We are facing issue with solr/zookeeper where zookeeper timeouts after 10000ms. Error below.
SolrException: java.util.concurrent.TimeoutException: Could not connect to ZooKeeper <server1>:9181,<server2>:9182,<server2>:9183 within 10000 ms.
at org.apache.solr.common.cloud.SolrZkClient.<init>(SolrZkClient.java:184)
at org.apache.solr.common.cloud.SolrZkClient.<init>(SolrZkClient.java:121)

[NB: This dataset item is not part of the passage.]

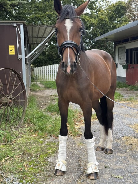 3-jährige Stute von Ellis x Londontime – Nachwuchshoffnung mit Perspektive Diese aus eigener Zucht stammende, auffällig aufgemachte 3-jährige Stute überzeugt mit drei überdurchschnittlichen, groß angelegten Grundgangarten und einer sehr guten Arbeitseinstellung. Elsa, mit einem aktuellen Stockmaß von 1,70 m, wurde schonend angeritten und zeigt sich unter dem Reiter stets motiviert, nervenstark und kopfklar. Sie begeistert mit einem raumgreifenden, taktsicheren Schritt, einem schwungvollen, aktiven Trab sowie einem bergauf gesprungenen, gut ausbalancierten Galopp. Besonders hervorzuheben ist ihre Leichttrittigkeit und feine Anlehnung – Elsa ist angenehm in der Hand und macht es dem Reiter leicht, sie korrekt zu fördern. Mit ihrer beeindruckenden Qualität und ihrem modernen Auftritt bringt sie alles mit, was es für eine erfolgreiche Karriere im Dressurviereck braucht. Elsa ist selbstverständlich regelmäßig dem Schmied vorgestellt, zahnärztlich kontrolliert und behandelt, sowie ordnungsgemäß entwurmt. Sie ist außerdem verladefromm und zeigt sich im täglichen Umgang sehr unkompliziert. Wer ein Nachwuchspferd mit Perspektive für den großen Sport sucht, wird hier fündig.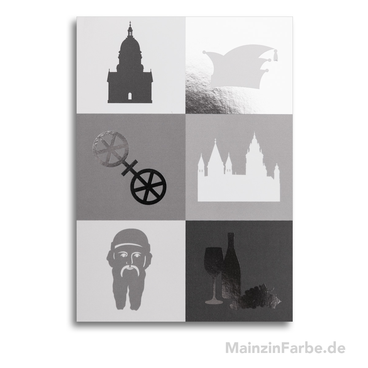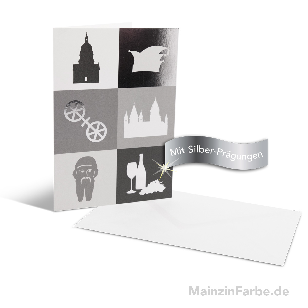 Persönliche Glückwünsche machen sich auf dieser edlen Mainz-Grußkarte mit Silber-Prägung besonders gut. Die passenden Mainz-Geschenke im gleichen Design gibt es natürlich auch.

We are not getting any error in zookeeper logs.Except below logs
2018-12-19 04:35:22,305 [myid:2] - INFO [SessionTracker:ZooKeeperServer#354] - Expiring session 0x200830234de3127, timeout of 10000ms exceeded
2018-12-19 05:35:38,304 [myid:2] - INFO [SessionTracker:ZooKeeperServer#354] - Expiring session 0x200b4f912730086, timeout of 10000ms exceeded
During the issue threads go high and we could notice below in weblogic server.
Name: Connection evictor
State: TIMED_WAITING
Total blocked: 0  Total waited: 1
Stack trace:
java.lang.Thread.sleep(Native Method)
org.apache.http.impl.client.IdleConnectionEvictor$1.run(IdleConnectionEvictor.java:66)
java.lang.Thread.run(Thread.java:748)
What could be going wrong here?

In my experience, ZK timeouts have almost always been due to something on the Solr node, rather than a problem in ZK.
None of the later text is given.